<<<<
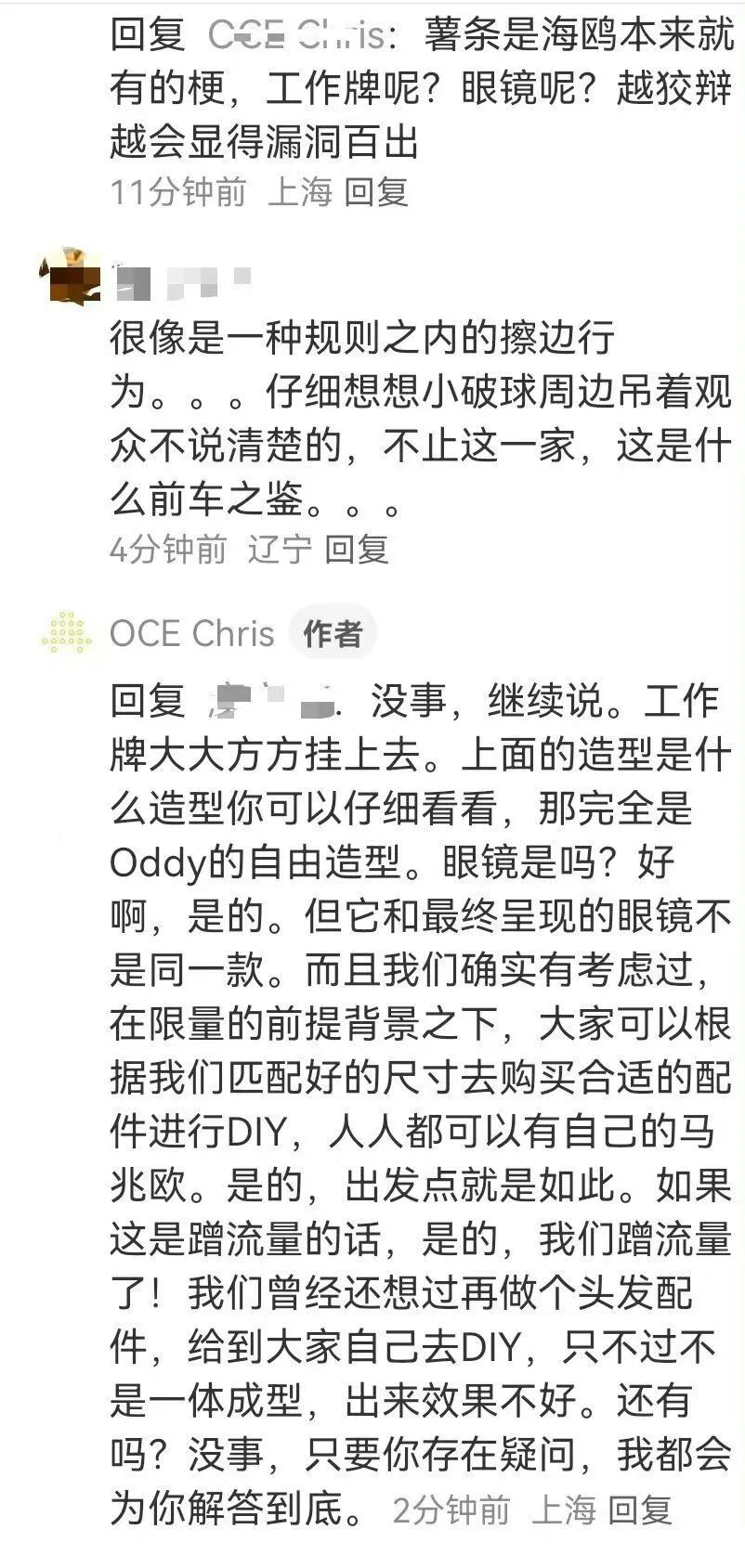 並未等來期待已久的發售價格和渠道信息,失望情緒在粉絲間蔓延。有人猜測合作未成是由於馬兆鷗形象的版權歸屬難以界定,也有不少人認為OCE半年的鋪墊屬於“浪費感情”,“無法量產售賣”如此關鍵的信息,官方卻不提前告知。
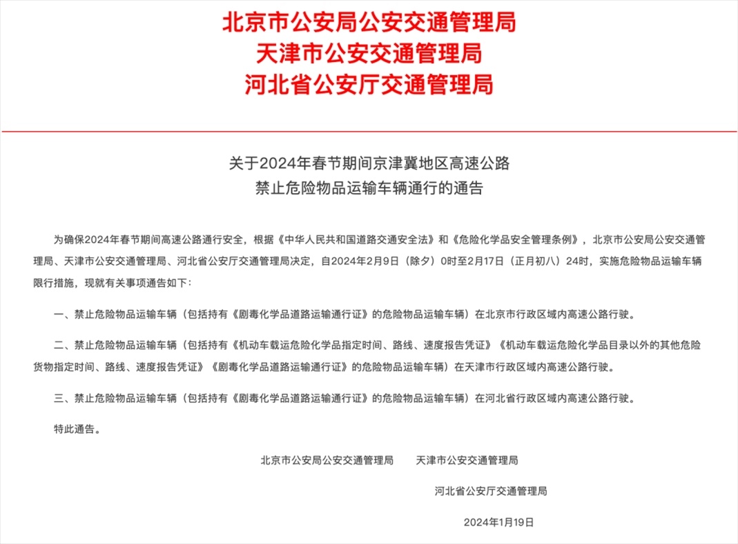 北京市公安局公安交通管理局、天津市公安交通管理局、河北省公安廳交通管理局決定,自2024年2月9日(除夕)0時至2月17日(正月初八)24時,實施危險物品運輸車輛限行措施,現(xiàn)就有關(guān)事項通告如下:
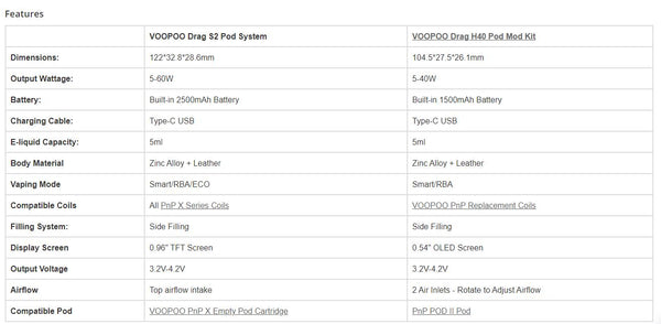 Re: Both DRAG S2 and DRAG X2 apply VOOPOO PnP X Platform. The main differences between them are as follows:
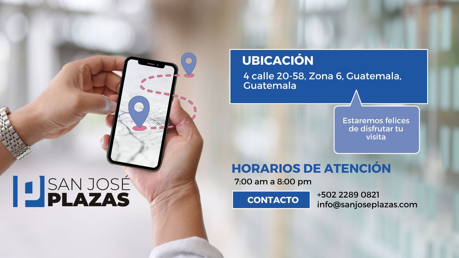 San José Plazas se caracteriza por ofrecer a tus visitantes e inquilinos una buena experiencia comercial y alternativas recreaciones con actividades periódicas para toda la familia guatemalteca.
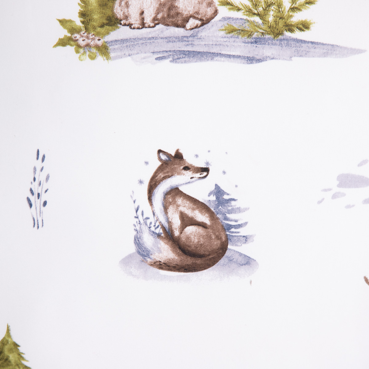 The bed ding is double-sided. On one side it has a solid light brown color. On the other, it has a white background and a delicate pattern with a winter mood – reindeer accompanied by a wooden house with a snowy roof and coniferous trees. The bedding measures 160 x 200 cm. The set also includes two pillowcases measuring 70 x 80 cm. The pillowcases for both duvet and pillows are closed with zips.
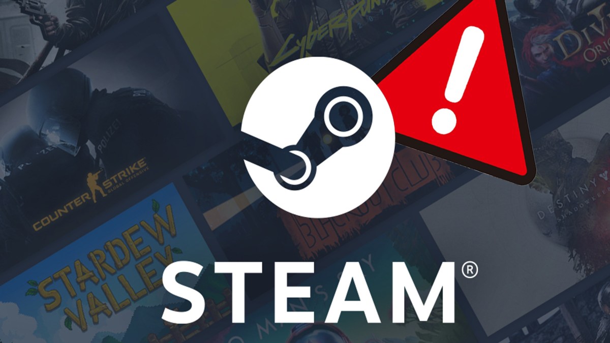 Screenshot von Steam versehen mit einem roten Warndreieck und einem weißen Ausrufezeichen.
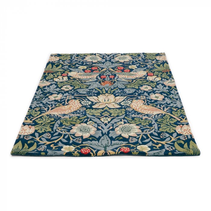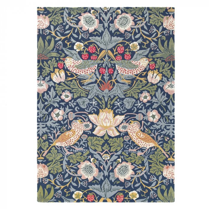 Barevný kusový koberec Morris & Co - Strawberry Thief indigo s bohatým motivem exotických květin, lesních jahod a ptactva.
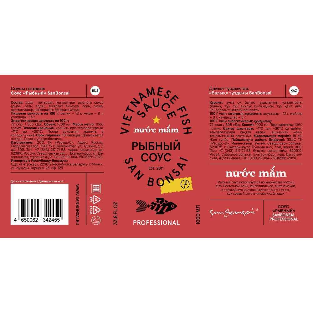 Соус рыбный 1л пл/бут SanBonsai Professional™ Ресурс-С Россия (КОД 51047) (+18°С)
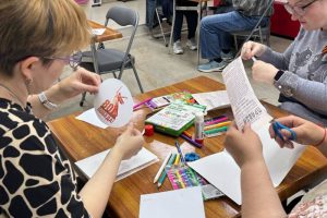 Под руководством педагога дополнительного образования МБ УДО «Радуга» Нины Кораблевой посетители Центра социальной адаптации граждан пожилого возраста и инвалидов города Симферополя с энтузиазмом и творчески создавали открытки для участников СВО и своих близких. Гости встречи отразили в ярких композициях крымское тепло и веру в победу, написав искренние пожелания адресатам.
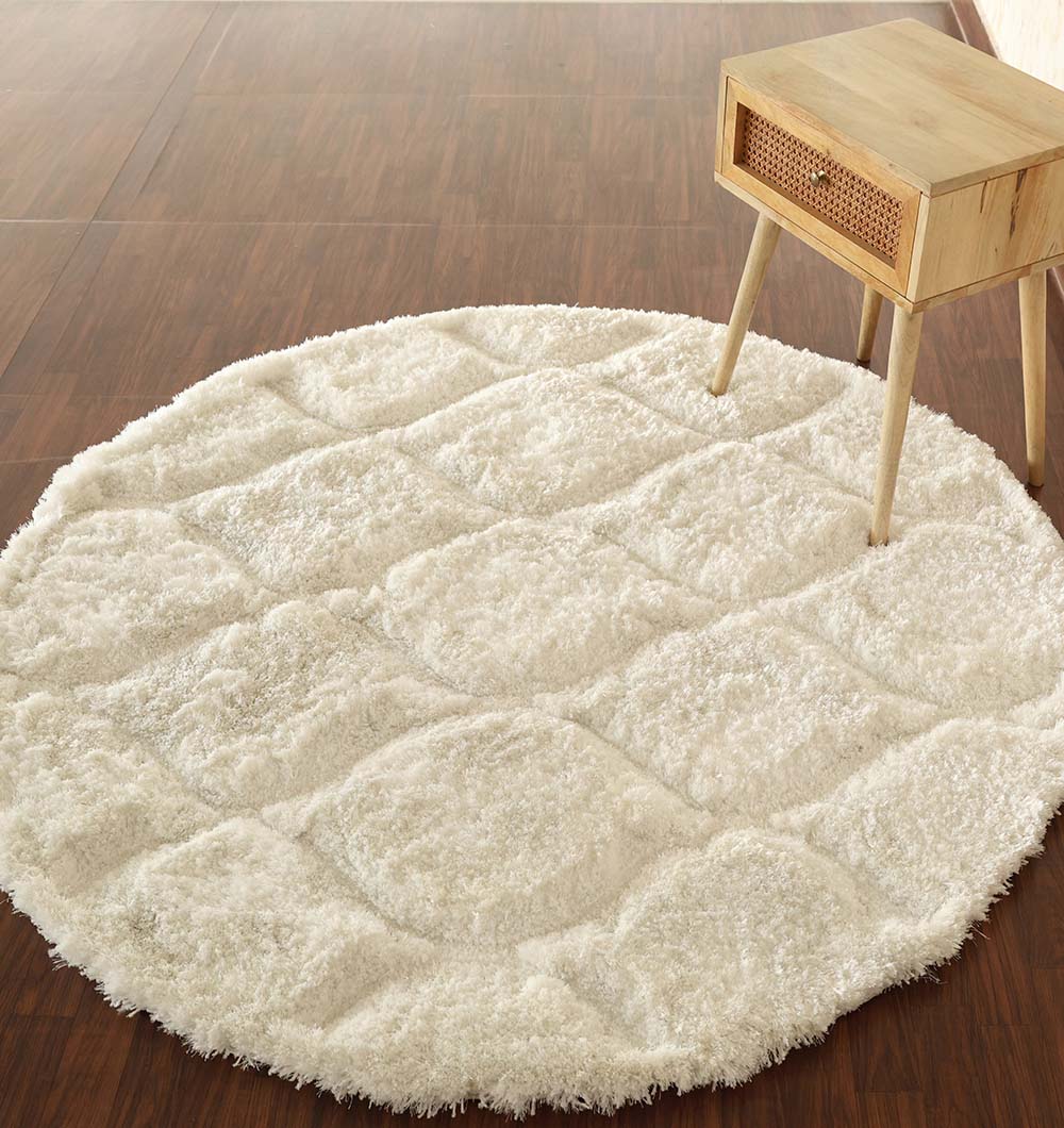 Bring a clean, cozy touch to your space with this round shaggy rug in soft ivory. The raised texture creates gentle waves that catch the light and add depth without a bold pattern. Made with polyester, it feels plush underfoot and stays easy to maintain for everyday living. Use it to soften hard floors, warm up a seating area, or add comfort beside the bed while keeping the look bright and simple.
>>>>
Task item:
Please reproduce each entry above word for word and keep the pictures out of the copy.

Exercise output:
 並未等來期待已久的發售價格和渠道信息,失望情緒在粉絲間蔓延。有人猜測合作未成是由於馬兆鷗形象的版權歸屬難以界定,也有不少人認為OCE半年的鋪墊屬於“浪費感情”,“無法量產售賣”如此關鍵的信息,官方卻不提前告知。
 北京市公安局公安交通管理局、天津市公安交通管理局、河北省公安廳交通管理局決定,自2024年2月9日(除夕)0時至2月17日(正月初八)24時,實施危險物品運輸車輛限行措施,現(xiàn)就有關(guān)事項通告如下:
 Re: Both DRAG S2 and DRAG X2 apply VOOPOO PnP X Platform. The main differences between them are as follows:
 San José Plazas se caracteriza por ofrecer a tus visitantes e inquilinos una buena experiencia comercial y alternativas recreaciones con actividades periódicas para toda la familia guatemalteca.
 The bed ding is double-sided. On one side it has a solid light brown color. On the other, it has a white background and a delicate pattern with a winter mood – reindeer accompanied by a wooden house with a snowy roof and coniferous trees. The bedding measures 160 x 200 cm. The set also includes two pillowcases measuring 70 x 80 cm. The pillowcases for both duvet and pillows are closed with zips.
 Screenshot von Steam versehen mit einem roten Warndreieck und einem weißen Ausrufezeichen.
 Barevný kusový koberec Morris & Co - Strawberry Thief indigo s bohatým motivem exotických květin, lesních jahod a ptactva.
 Соус рыбный 1л пл/бут SanBonsai Professional™ Ресурс-С Россия (КОД 51047) (+18°С)
 Под руководством педагога дополнительного образования МБ УДО «Радуга» Нины Кораблевой посетители Центра социальной адаптации граждан пожилого возраста и инвалидов города Симферополя с энтузиазмом и творчески создавали открытки для участников СВО и своих близких. Гости встречи отразили в ярких композициях крымское тепло и веру в победу, написав искренние пожелания адресатам.
 Bring a clean, cozy touch to your space with this round shaggy rug in soft ivory. The raised texture creates gentle waves that catch the light and add depth without a bold pattern. Made with polyester, it feels plush underfoot and stays easy to maintain for everyday living. Use it to soften hard floors, warm up a seating area, or add comfort beside the bed while keeping the look bright and simple.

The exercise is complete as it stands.